- Unfold, Edit, Change Tabs, and Refine
The first part of making a papercraft is defining the pieces. In order to do this, you will possibly have to spend hours depending on the size of your model. This is why one button will seem very tempting: "Auto-Unfold". However, if you learn one thing from this guide it should be this: NEVER, EVER, PUSH AUTO-UNFOLD! It will only make the later processes harder.
However, if you find manually unfolding a bit tough, you can hit auto-unfold. However, you must be willing to use a lot of the zipper tool and switch many tabs.(Discussed later.) Thanks, Xenonray, for the tip!
Now, how do you actually define the pieces? You click the knife button. Notice how each edge of the model that you mouse over changes a different color. If you click an edge, it will turn red. This means that that edge will be separated from other pieces, and will be connected by tabs(which we will discuss later.)
In order to create a neat unfold, think about the basic shapes of pieces that you have seen while building. As an example, let's think of a sphere. It starts with a flat circle on top. You would use the knife to make all of the edges around the circle red. This defines the circle as its own piece. Next, you would trace along the edge of the following strip of the sphere. By doing this to all of the pieces, you create more pieces than you would have without manually unfolding. This makes it much easier to build. When you are done, click "Unfold".
Never use auto-unfold!
Use the knife tool to define open edges, creating pieces as you go.

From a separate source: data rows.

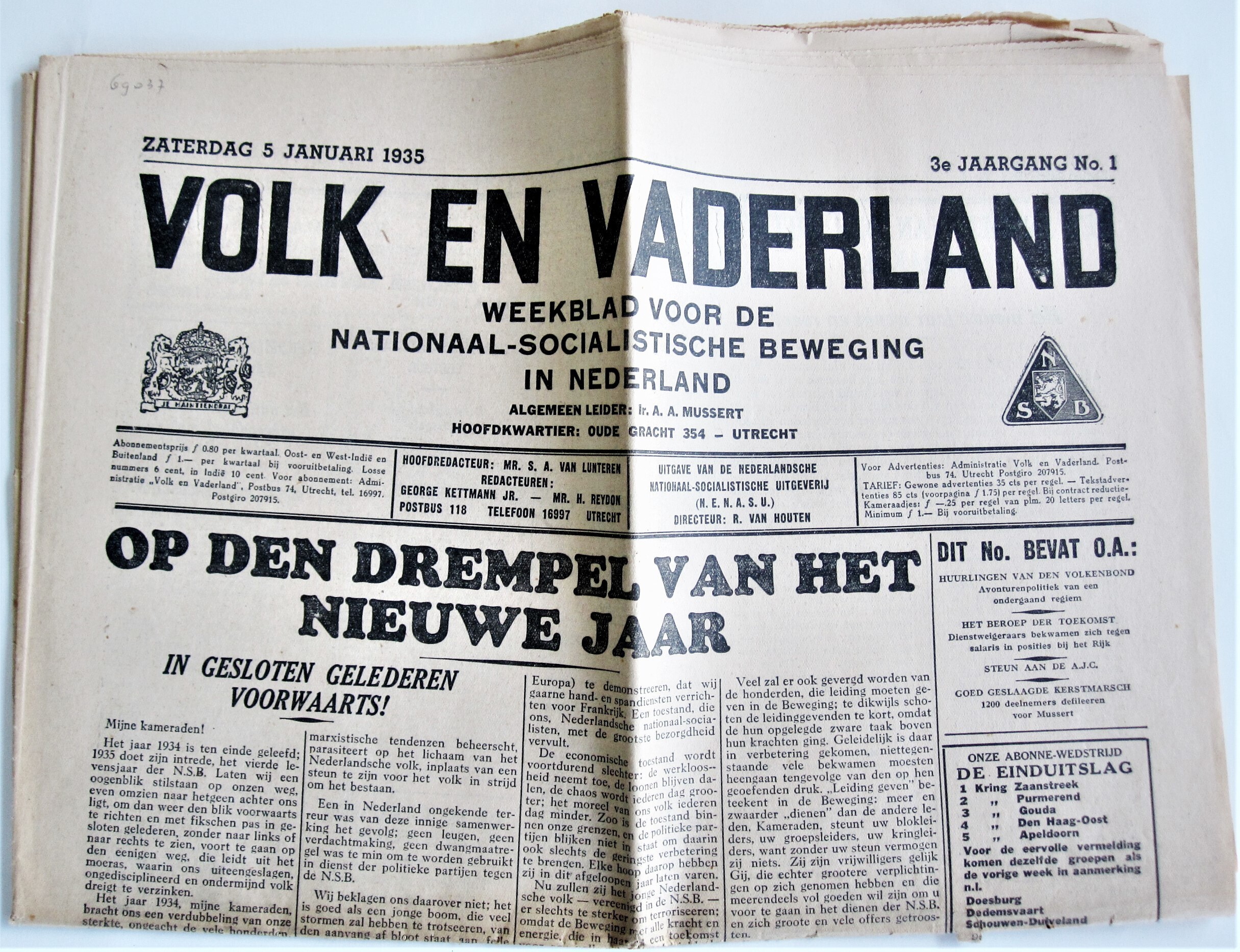 Extra-blad van 6 oktober 1936 van 'Volk en Vaderland', nationaalsocialistisch weekblad van de N.S.B.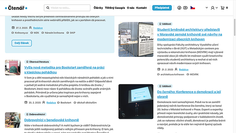 Setkal jsem se rovněž s opatrnými e-mailovými dotazy, zda i nově otevřená webová platforma www.casopisctenar.cz je skutečně otevřená všem pro nejširší škálu témat, námětů a iniciativ. Sice jsem na ně již osobně odpovídal, ale tady to rád zopakuji: Ano, máme ambice být skutečnou kronikou oboru, pozorovatelem a zprostředkovatelem inspirativních nápadů a iniciativ pro všechny, kteří různorodě působí v knihovnictví. Takže neváhejte – pište a posílejte své texty a nápady, které mohou posloužit i vašim kolegům z celé České republiky.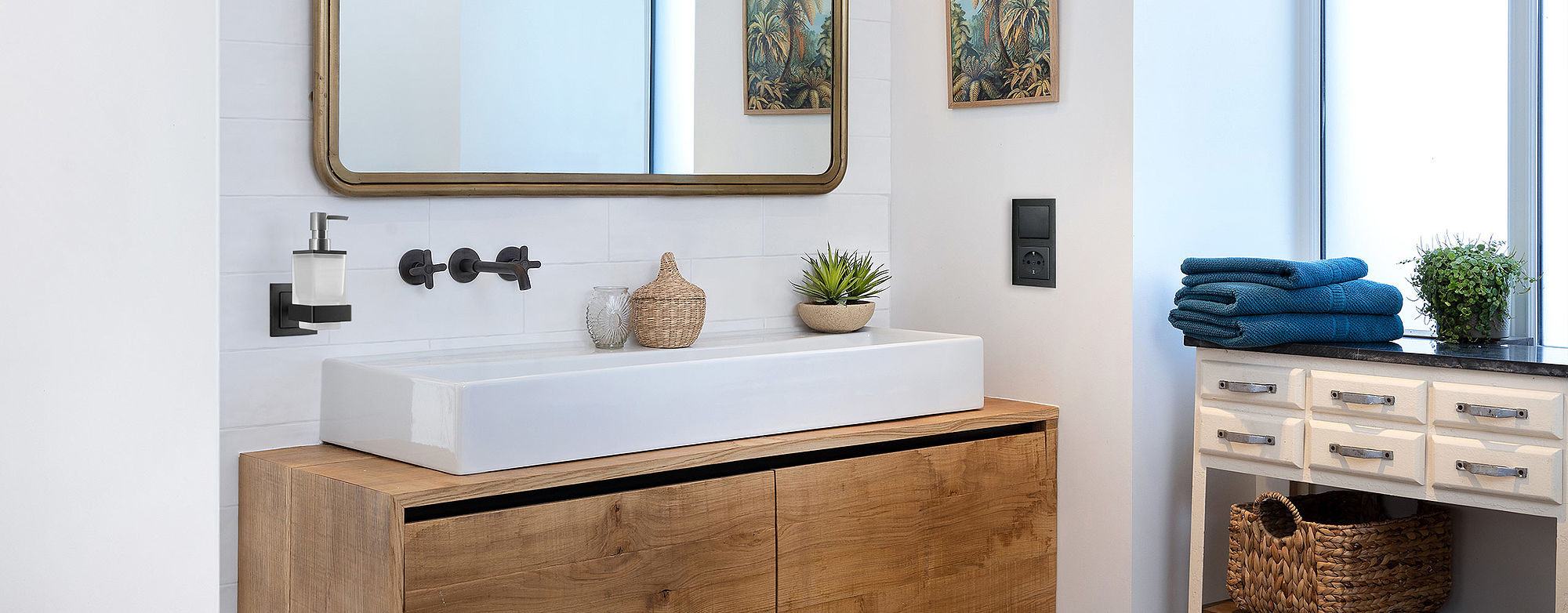 Dank vielfältiger Materialien, facettenreicher Formen und einer breiten Farbpalette fügt sich System M in jedes Raumambiente ein. Für ein harmonisches Einrichtungskonzept und durchgängiges Schalterdesign, das in deinem Gäste-WC nicht endet.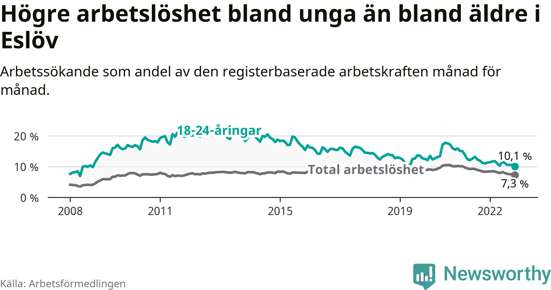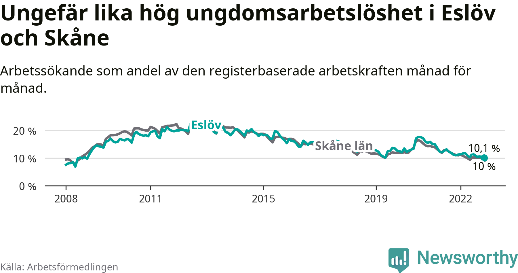 Medan Eslöv har lägre total arbetslöshet än Skåne, ligger ungdomsarbetslösheten på i stort sett samma nivå.

The more pieces, the better! However, make it logical. Why would you split a strip of a sphere in half, when it can be one piece?
Making logical pieces makes the model easier to build. However, you can always refine this when...
What is editing? Well, it's just as it sounds: You use the left side of your screen and the zipper tool to edit your papercraft pieces.
When you unfold, the pieces will be scattered randomly. First, group them together with the pieces they connect to using the select tool. For example, put all of the head pieces on one page, and all of the feet pieces on another. This will make it easier to edit.
You may notice that some pieces didn't turn out how you wanted too. The tabs will look weird,(Which we will talk about later,) and some of your pieces may be too big or small. If all of the pieces are too big/small, click "2D menu>Change Scale>_______ by 10%." Keep doing this until all of your pieces are of the desired size.
However, that is not all. Some of your pieces may not be too physically large, but they may be too large of a piece itself. To fix this, use the zipper tool and double click a spot on the piece. This will split it in two. You can also double click the edge of a smaller piece to connect it with a larger piece. Continue using this tool until all of your pieces look OK.
If you want to double check, use click the box with a red side. Then, click a piece. Your 3D Model will spin around, and the faces your pieces represent will be highlighted red.
Editing is using the zipper and selection tools to change and position your pieces.
Double click with the zipper tool to attach or detach pieces from each other.
Use the box with the red side to see which faces your pieces correspond to.
Click "2D Menu>Change Scale" to make your overall craft bigger.
Now that you have your pieces unfolded and in the preferred shapes, you may have noticed that the tabs are in less than okay positions. There are many good positions, and many bad positions for tabs. In order to see this, you must study the pieces next to the pieces they connect to. Here are some tab positions:
Good: (Usually manually made. Use these!)
Rows: The piece is cover in tabs on one side, creating a clean, complete connection with the next piece. This works will with spheres and segmented pieces, like antennae and fingers.
Round: Each piece has tabs on one side, but not the other. This allows for a simple connection as you place the tabs from one piece onto the blank side of the next piece. This works well for cubes, cones, and other shapes that are too wide for one piece to cover the area.
Bad: (Often made when initially unzipping. Avoid these!)
Zipper: Tabs alternate from one piece to another. This is harder to connect, and can get very messy.
Split: A simpler version of Zipper, the tabs that should be in a simple row stop at one point. The other tabs are on the other piece. This is bad, as it can still be messy and hard to connect.
However, changing tab positions isn't everything. It can still look messy. The tips of tabs may be poking through other tabs. This is easy to fix. Simply click
change size on the tab window, select a size from the drop-down menu, and the tab should be smaller when you click on it. You can also use this to make small tabs bigger.
Change the position of tabs for cleaner, easier building.
You will always need to change tabs after unfolding. Don't be lazy!
Change the size of tabs to make your template look nicer.
Once you have finished the past steps, you aren't done yet. You still need to refine! Move your pieces around to make the page cleaner. Don't group random pieces together. Instead, put corresponding parts near each other to make building easier. Also, reduce the number of pages. Move your pieces around to make room for more. More pages can make your craft seem more complex or messy. Finally, labeling each group of parts using the text tool can make it easier to understand.
Reduce pages by making use of all your space.
Label each group of parts.
Make your layout clean.
I hope this guide helps some people with Pepakura designer. If you have anything to contribute, feel free to post it. I may add it to the guide.